Two semen samples were obtained from every participant: one before the medication course initiation and the other promptly after its termination. Samples were given by masturbation following 2-7 days of sexual abstinence (3). Once delivered to the laboratory, samples were weighed, let to liquefy at room temperature, and subsequently evaluated in terms of viscosity and liquefaction by applying a wide-bore pipette.
Randomization
To randomly allocate the subjects to medication and control groups, we applied permuted blocks. According to our sample size, all the possible permutations of tenunit blocks were obtained, and subsequently, a sequence of seven blocks was designated by applying a random number table. Randomization was carried out by persons unrelated to the study operations. ALA and placebo were packed identically and were indiscernible. The randomization sequence was not disclosed before the termination of statistical analysis, and patients, drug prescribers, data collectors, and statistical analysts were kept blinded to it.
Primary outcomes
Conventional semen analysis
Concentration
Samples were diluted by applying 1% formalin in sodium bicarbonate solution (1:10) and placed in the sperm counting chamber (Sperm meter, sperm processor, Garkheda, Aurangabad, India). Applying an optical microscope (LABOMED CxL; 20×), a trained laboratory technician counted the number of sperm (a minimum of 200 sperm per sample) and recorded the observations as million sperms/milliliter (3).
Motility
Semen (10 µl) was placed on a pre-warmed sperm counting chamber and was covered with a coverslip with a depth of 20 µm. The motility was assessed utilizing computer-assisted sperm analysis (CASA) and LABOMED CxL optical microscope in a minimum of five different microscopic fields (≥200 sperm evaluated per field). Four distinct sperm motions were determined: rapid progressive, slowly progressive, non-progressive, and immotile. Ultimately the percentage of total sperm motility and progressive sperm motility were reported (3).
Abnormal sperm morphology
According to Tygerberg’s criteria, two smears were obtained and fixed by methanol-dissolved triarylmethane dye per sample. The smears were later stained by eosinophilic xanthene and basophilic thiazine solutions (Diff-Quick staining) (Fig .2A). The smears were evaluated regarding head, neck, and tail abnormalities under high microscopic magnification (×1000).
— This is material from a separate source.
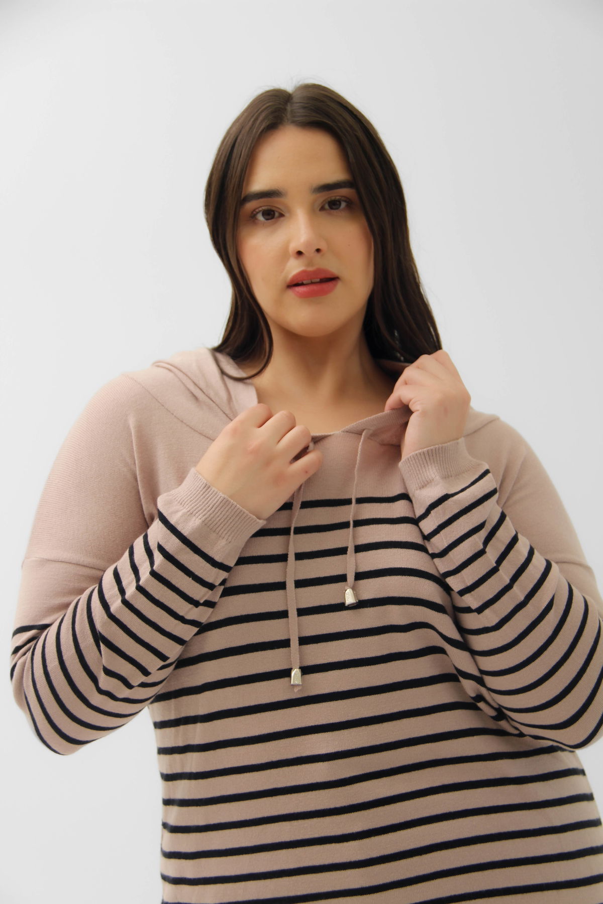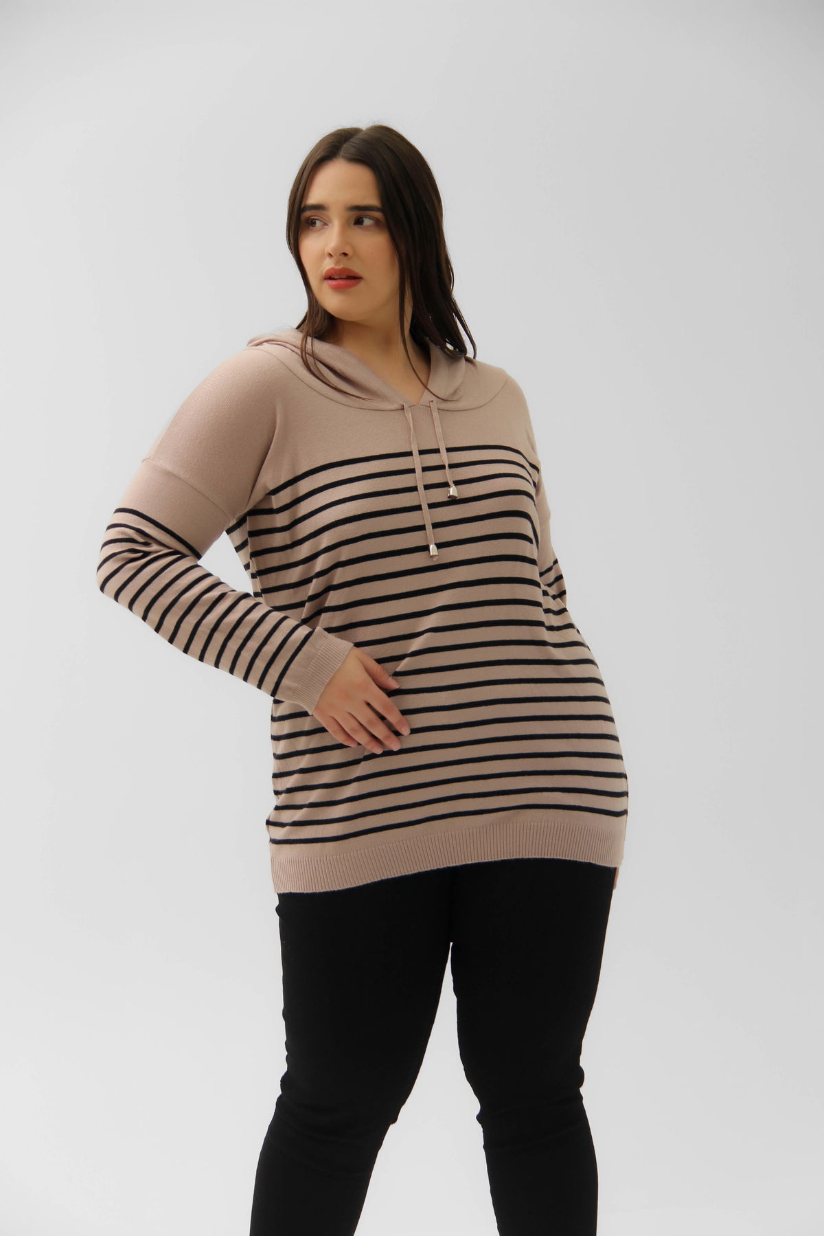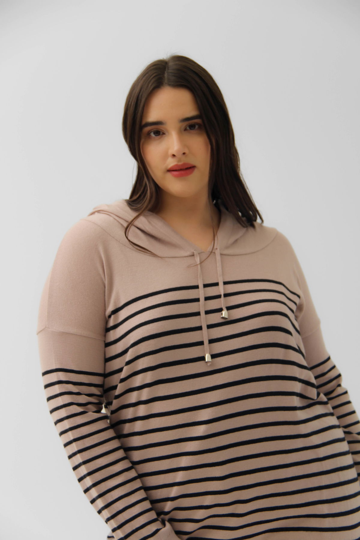 Sweater oversize con capucha rayada confeccionado en hilo bremer.
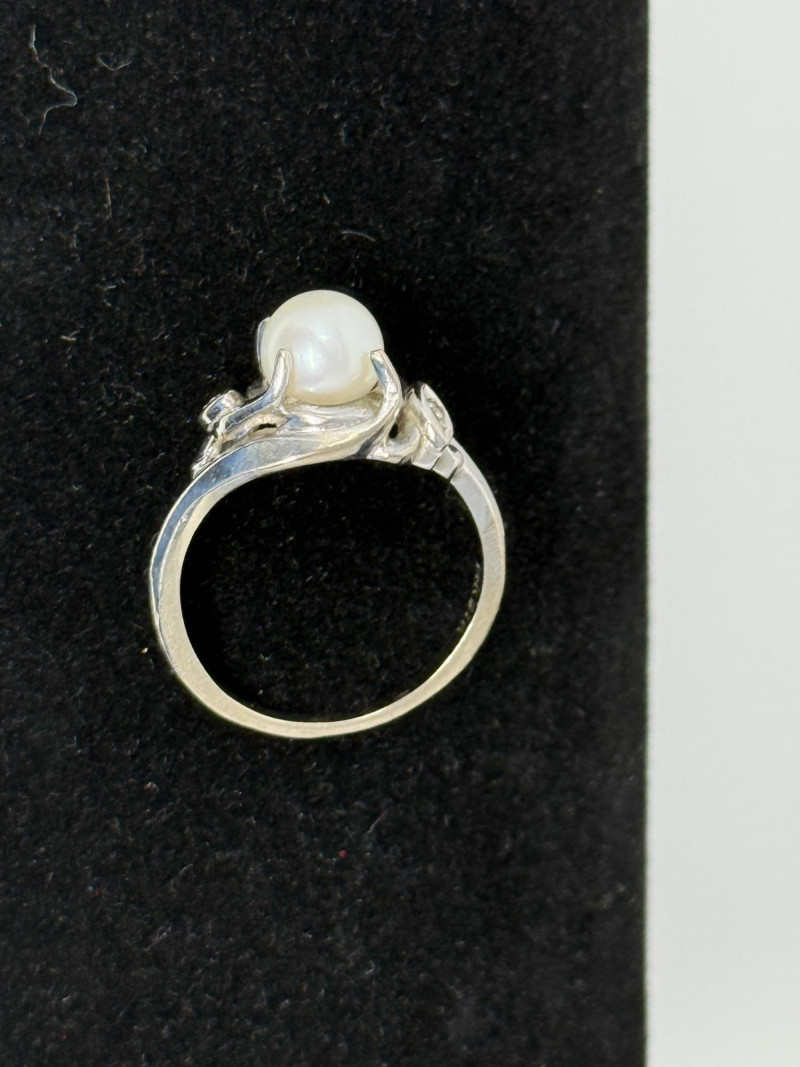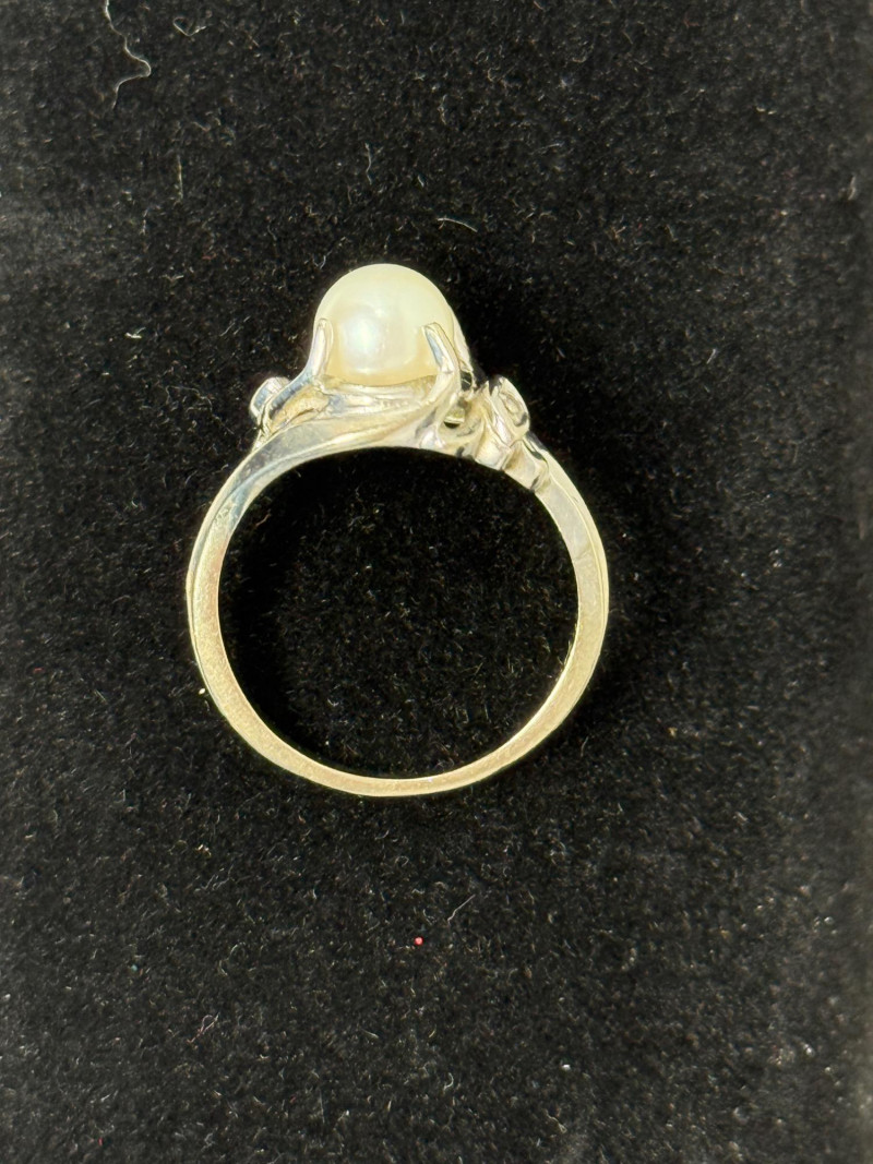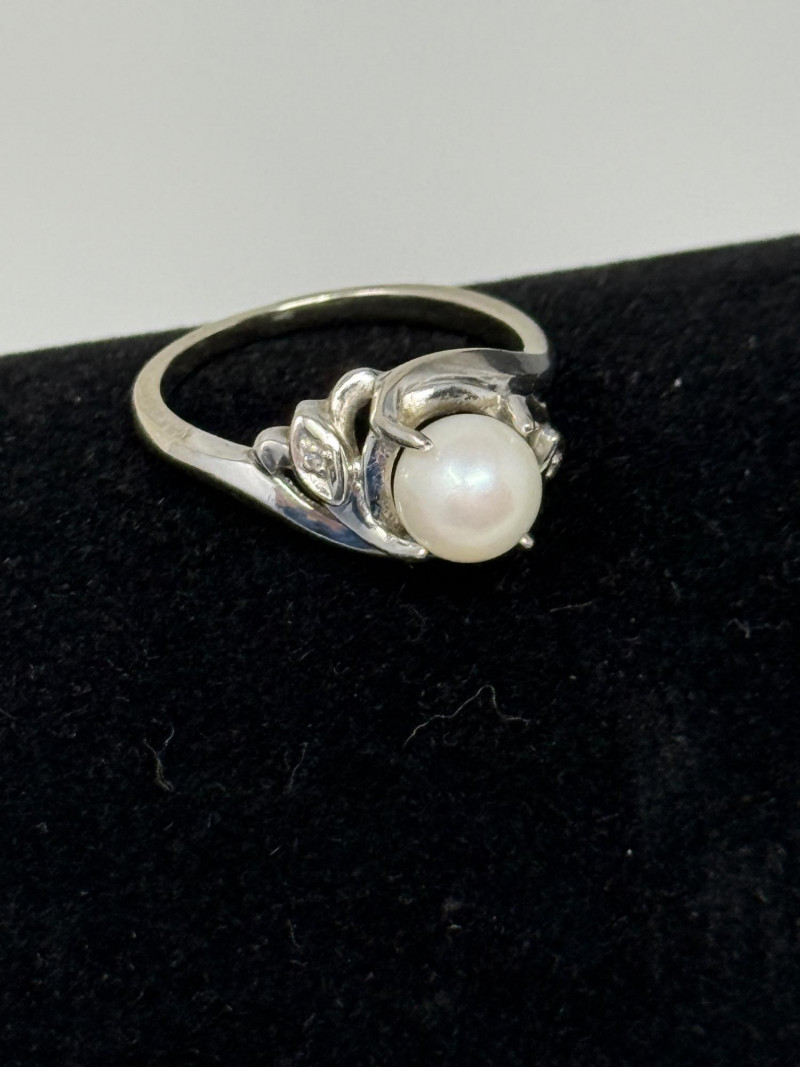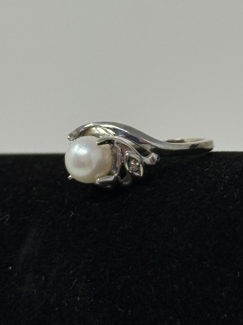 Lot # 226 - 14K White Gold, Pearl and Diamond Ring Size 5.5

At last, the percentage of sperm with abnormal morphology was expressed (3).
Fig 2.
Assessment of sperm functional tests. A. Assessment of sperm morphology with Diff- Quick staining, B. Representative histograms of sperm chromatin structure assay (SCSA) test before and after ALA therapy in an infertile man, C. Chromomycin A3 (CMA3) staining for assessment of sperm protamine deficiency; CMA3 negative or the sperm with normal protamine content and CMA3 positive or protamine deficient sperm, and D. Representative histograms of sperm JC1 staining for assessment of mitochondrial membrane potential before and after alpha-lipoic acid (ALA) therapy in an infertile man (20 μm=100 magnification).
Viability
In short, 1 g of eosin Y (color index: 45380) and 10 g of nigrosine (color index: 50420) dyes were separately solved in 100 ml of distilled water. The semen sample was then mixed with eosin (one drop each), and after 30 seconds, three drops of the suspended nigrosine were added to the mixture. One minute later, a thin smear was obtained from the well-blended mixture and was left to dry up for five additional minutes. Subsequently, the slides were monitored using a bright-field optic microscope with ×100 magnification (LABOMED CxL). A minimum of 200 sperm was evaluated per replicate (3).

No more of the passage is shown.